:: Task data
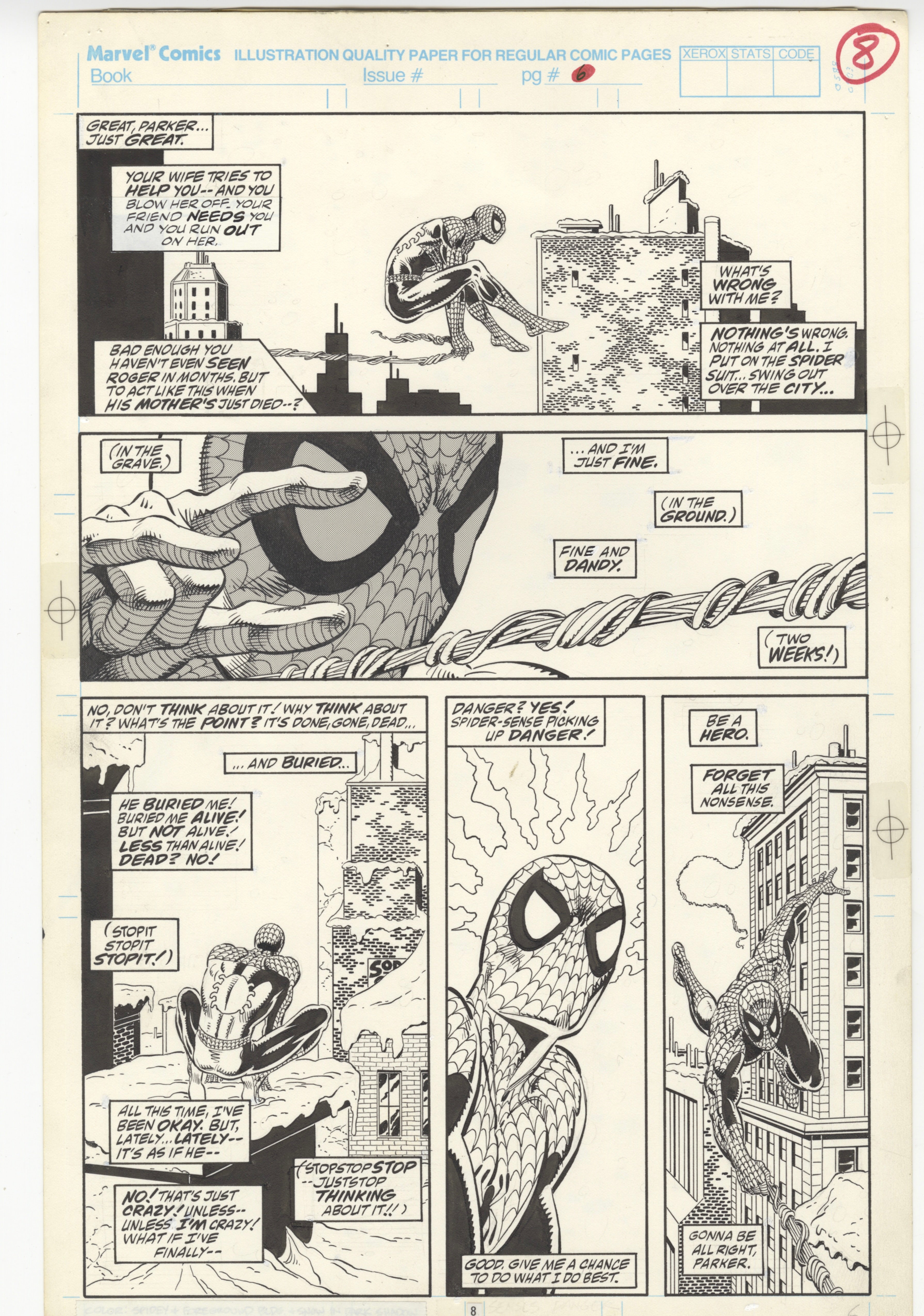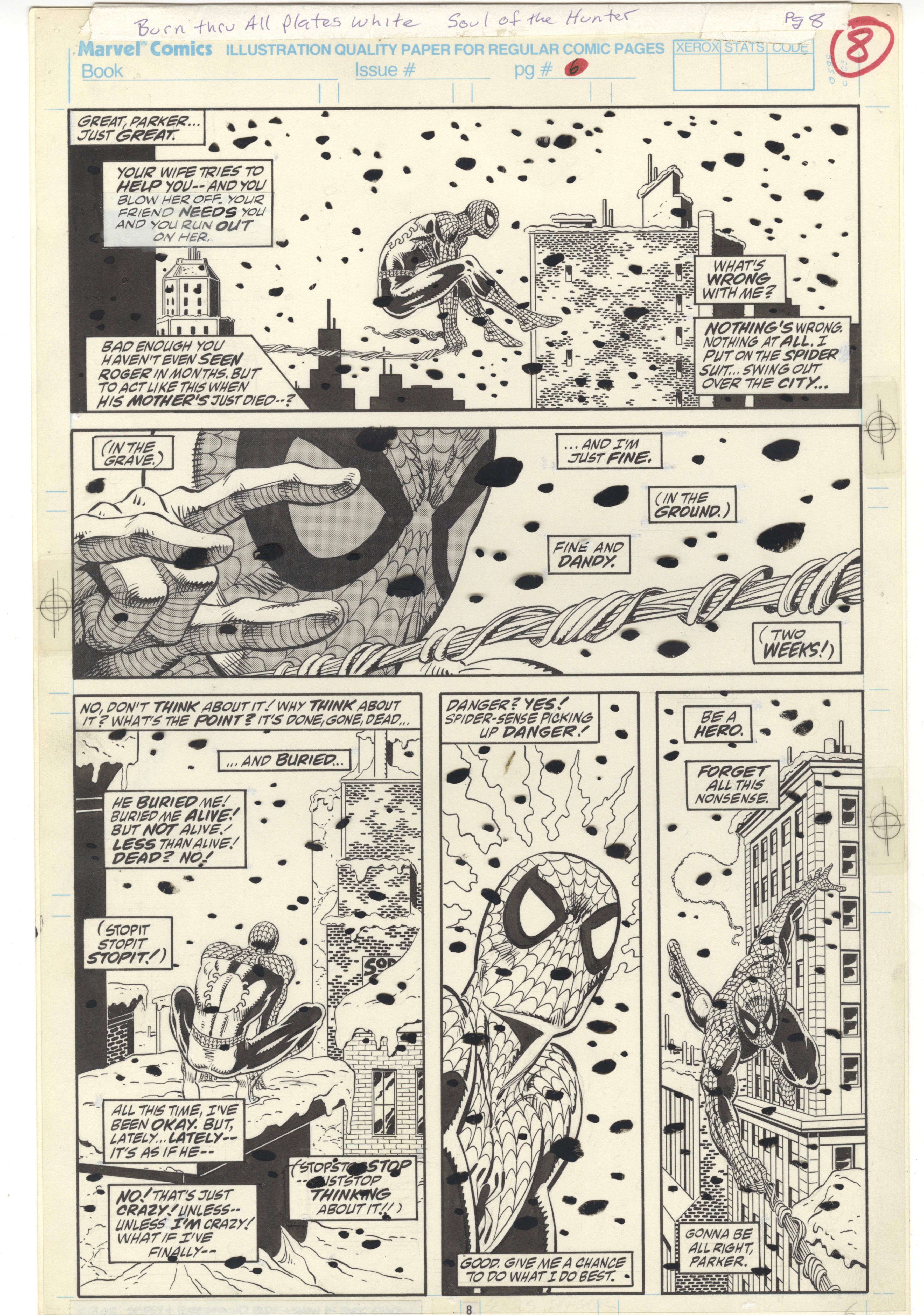The Amazing Spider-Man: L'anima del cacciatore, pagina 8, illustrazione originale di ZECK per fumetto.
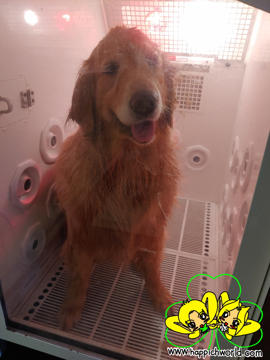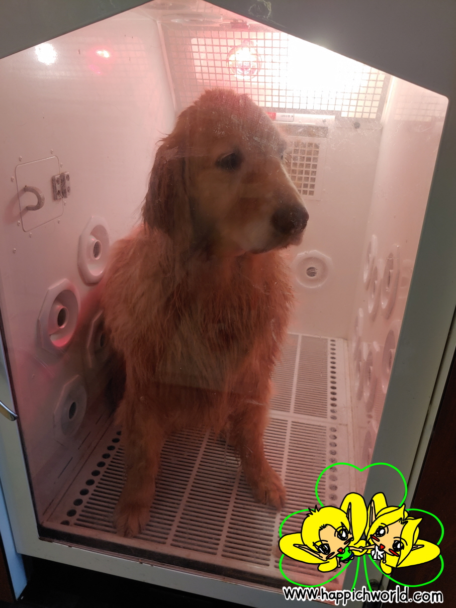 목욕 후 드라이룸에서 털 말리는 메리.ㅎㅎ
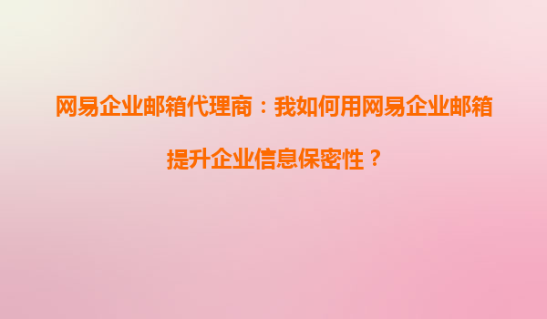 2025-10-13网易企业邮箱代理商:我如何用网易企业邮箱提升企业信息保密性? 引言 在数字化时代,企业信息安全成为重中之重。作为网易企业邮箱的代理商,我们深知信息安全对企业的重要性。本文将详细介绍如何...
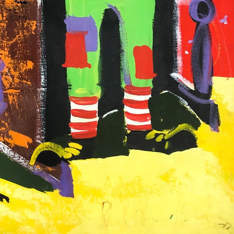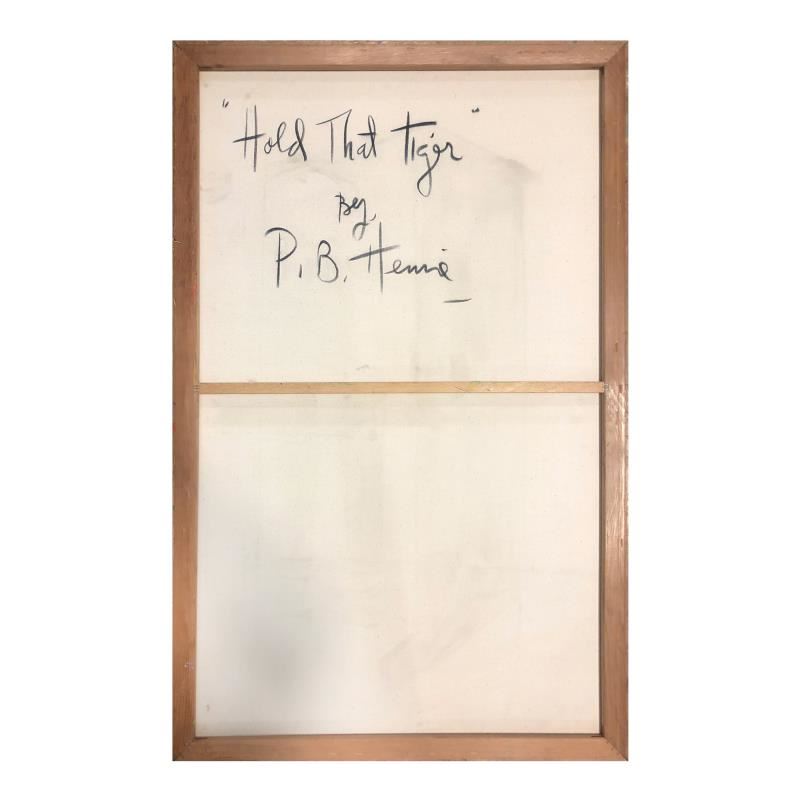 "Hold That Tiger" is an original oil painting on stretched canvas by Paul Blaine Henrie (1932-1999). The piece is hand signed by the artist and comes with a letter of authenticity. Please note that due to the age of this piece and the way it was stored, there are minor sings of wear, particularly on the corners and edges. Measures approximately. 48" x 30" (image).
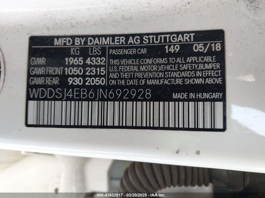 Color WhiteCylinders 4Drive Front wheel driveVIN WDDSJ4EB6JN******State Run & Drive VerifiedDamage Insignificant AutoRIA
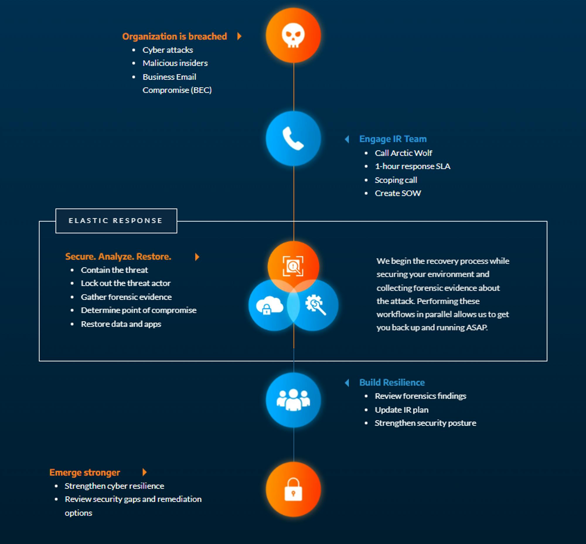 Arctic Wolf’s Incident Response solution is intended to minimize the damage caused by cyber incidents such as ransomware, IP theft, data breach, email compromisation, and employee misconduct. Arctic Wolf provides incident analysis and restoration services intended to resolve incidents as quickly and efficiently as possible. The Incident Response solution can be pre-purchased via the Arctic Wolf IR JumpStart Retainer.
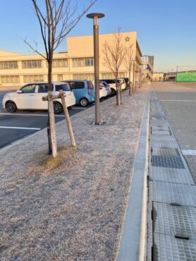 朝は冷え込んだので、枯れた芝生には、うっすらと霜が降りています。
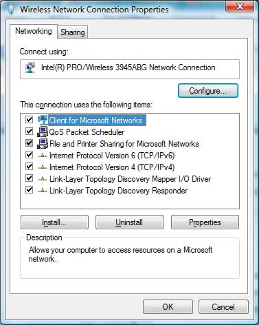 Для настройки беспроводного адаптера выберите в окне Manage wireless networks на панели задач пункт Adapter Properties (Свойства адаптера). При этом откроется окно настроек беспроводного сетевого адаптера Wireless Network Connections Properties. Перейдя к пункту Internet Protocol Version 4 (TCP/IPv4) (Протокол Интернета версии 4 (TCP/IPv4)) и нажав на кнопку Properties (Свойства), попадаем в стандартное окно, в котором можно задать IP-адрес беспроводного сетевого адаптера, маску подсети, IP-адрес основного шлюза, а также IP-адреса первичного и вторичного DNS-серверов.
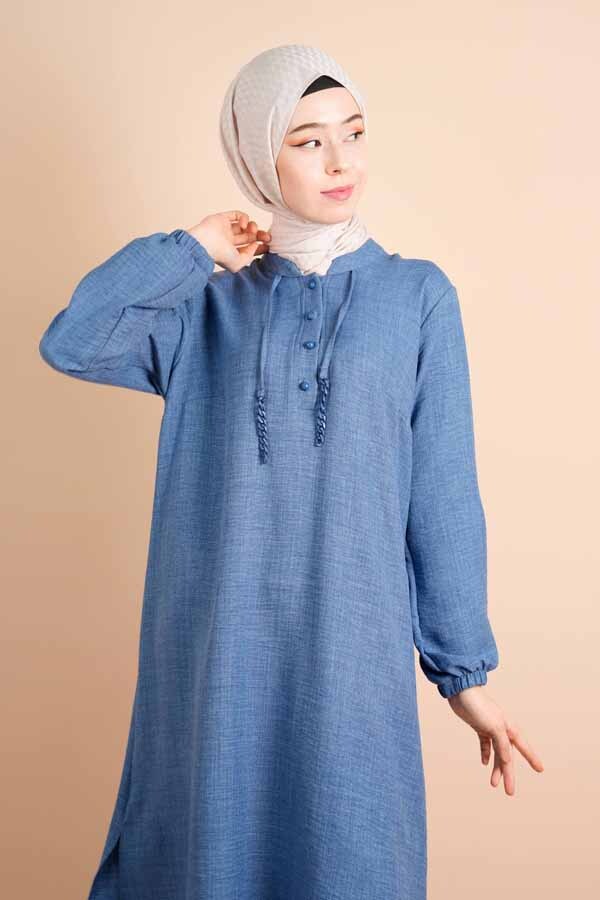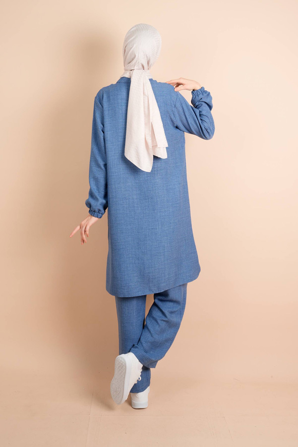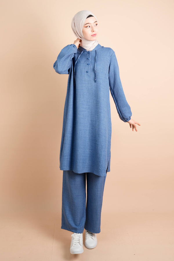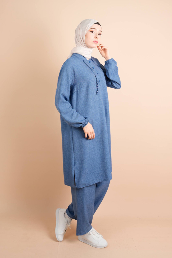 Keten 2 li Takım Yarım Düğmeli Zincir İpli Elbise Gita Mavi
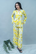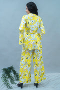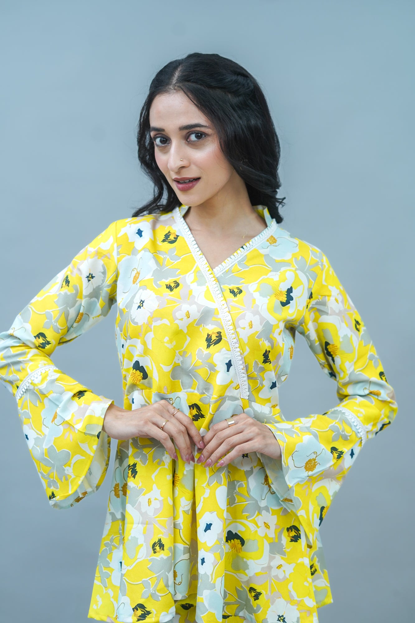 This charming Lemon Yellow Co-Ord Set is designed to bring elegance and comfort to your wardrobe. The overlap peplum top features long bell sleeves, a flattering V-neckline, and a vibrant floral print, with an above-knee length for a playful touch.
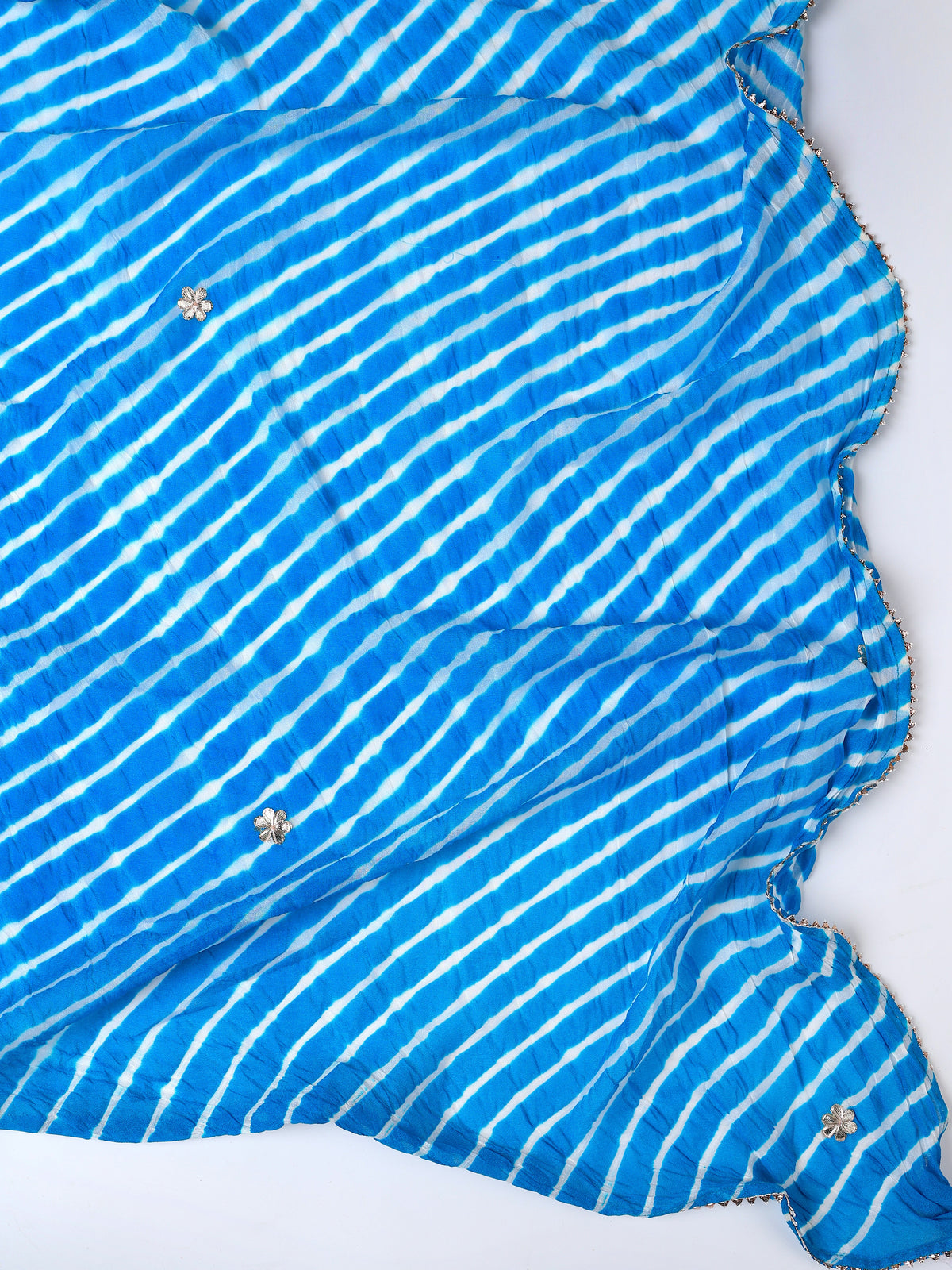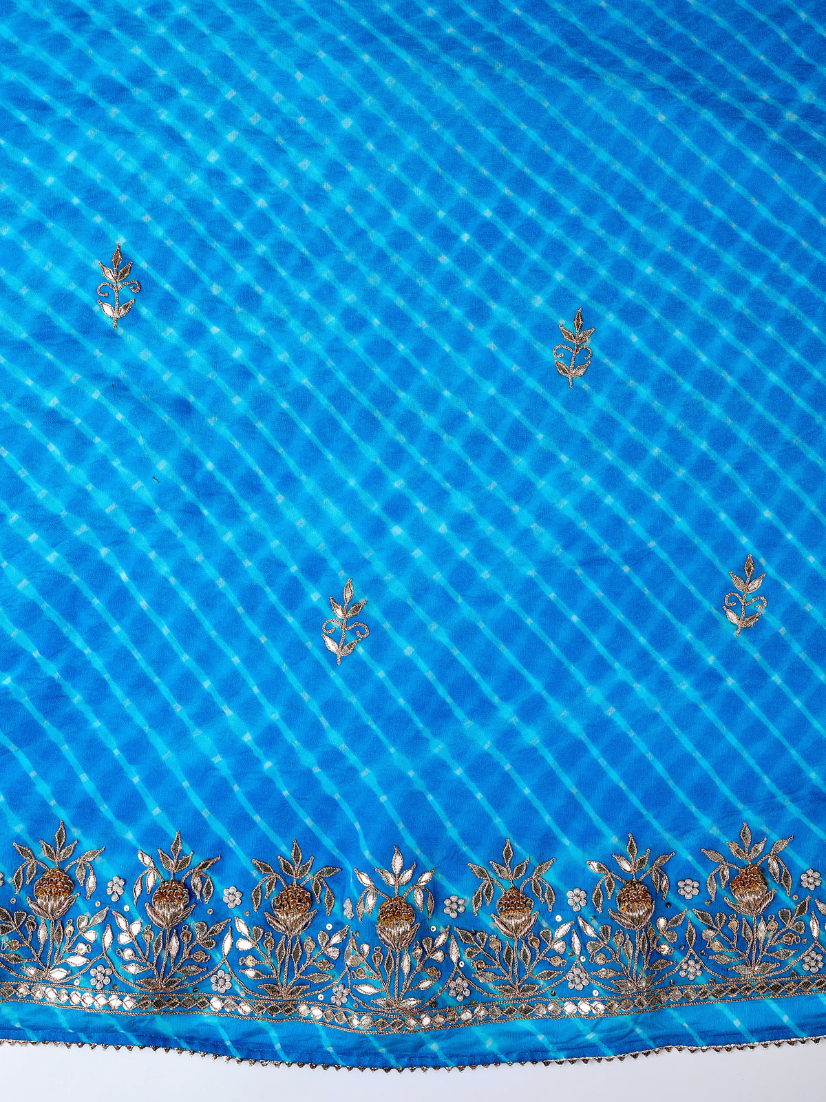 Vibrant teal blue pure georgette leheriya kurta with rich gota, sequin, dori, and pearl work on the daman and all-over butti. Coordinated dupatta and plain georgette bottom complete the ensemble.
::::
What to do: Please, without any pictures, print each entry exactly.

Written response:
The Amazing Spider-Man: L'anima del cacciatore, pagina 8, illustrazione originale di ZECK per fumetto.
 목욕 후 드라이룸에서 털 말리는 메리.ㅎㅎ
 2025-10-13网易企业邮箱代理商:我如何用网易企业邮箱提升企业信息保密性? 引言 在数字化时代,企业信息安全成为重中之重。作为网易企业邮箱的代理商,我们深知信息安全对企业的重要性。本文将详细介绍如何...
 "Hold That Tiger" is an original oil painting on stretched canvas by Paul Blaine Henrie (1932-1999). The piece is hand signed by the artist and comes with a letter of authenticity. Please note that due to the age of this piece and the way it was stored, there are minor sings of wear, particularly on the corners and edges. Measures approximately. 48" x 30" (image).
 Color WhiteCylinders 4Drive Front wheel driveVIN WDDSJ4EB6JN******State Run & Drive VerifiedDamage Insignificant AutoRIA
 Arctic Wolf’s Incident Response solution is intended to minimize the damage caused by cyber incidents such as ransomware, IP theft, data breach, email compromisation, and employee misconduct. Arctic Wolf provides incident analysis and restoration services intended to resolve incidents as quickly and efficiently as possible. The Incident Response solution can be pre-purchased via the Arctic Wolf IR JumpStart Retainer.
 朝は冷え込んだので、枯れた芝生には、うっすらと霜が降りています。
 Для настройки беспроводного адаптера выберите в окне Manage wireless networks на панели задач пункт Adapter Properties (Свойства адаптера). При этом откроется окно настроек беспроводного сетевого адаптера Wireless Network Connections Properties. Перейдя к пункту Internet Protocol Version 4 (TCP/IPv4) (Протокол Интернета версии 4 (TCP/IPv4)) и нажав на кнопку Properties (Свойства), попадаем в стандартное окно, в котором можно задать IP-адрес беспроводного сетевого адаптера, маску подсети, IP-адрес основного шлюза, а также IP-адреса первичного и вторичного DNS-серверов.
 Keten 2 li Takım Yarım Düğmeli Zincir İpli Elbise Gita Mavi
 This charming Lemon Yellow Co-Ord Set is designed to bring elegance and comfort to your wardrobe. The overlap peplum top features long bell sleeves, a flattering V-neckline, and a vibrant floral print, with an above-knee length for a playful touch.
 Vibrant teal blue pure georgette leheriya kurta with rich gota, sequin, dori, and pearl work on the daman and all-over butti. Coordinated dupatta and plain georgette bottom complete the ensemble.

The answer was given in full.